◆ **EXERCISE INPUT**:
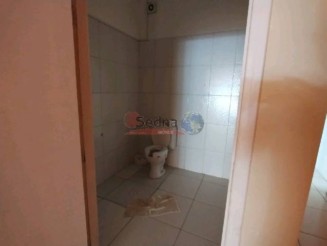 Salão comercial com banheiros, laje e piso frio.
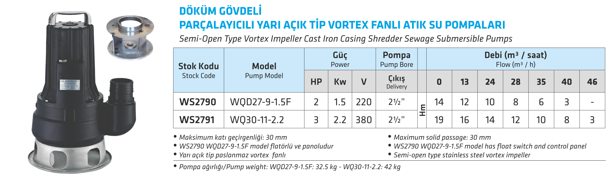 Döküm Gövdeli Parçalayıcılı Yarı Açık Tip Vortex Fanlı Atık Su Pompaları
* * *
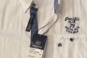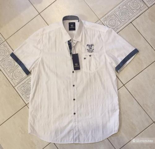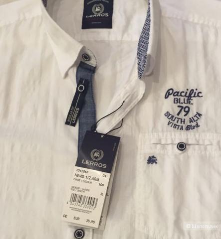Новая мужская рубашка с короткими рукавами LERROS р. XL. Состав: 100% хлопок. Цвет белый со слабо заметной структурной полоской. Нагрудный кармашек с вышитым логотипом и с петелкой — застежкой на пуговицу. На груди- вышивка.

◆ **DIRECTIONS**:
From the records above, output only the lines starting at the one containing "Salão comercial com" and ending at the one containing "Döküm Gövdeli Parçalayıcılı", word for word. Pictures stay out.

◆ **SOLUTION FOR THIS EXERCISE**:
 Salão comercial com banheiros, laje e piso frio.
 Döküm Gövdeli Parçalayıcılı Yarı Açık Tip Vortex Fanlı Atık Su Pompaları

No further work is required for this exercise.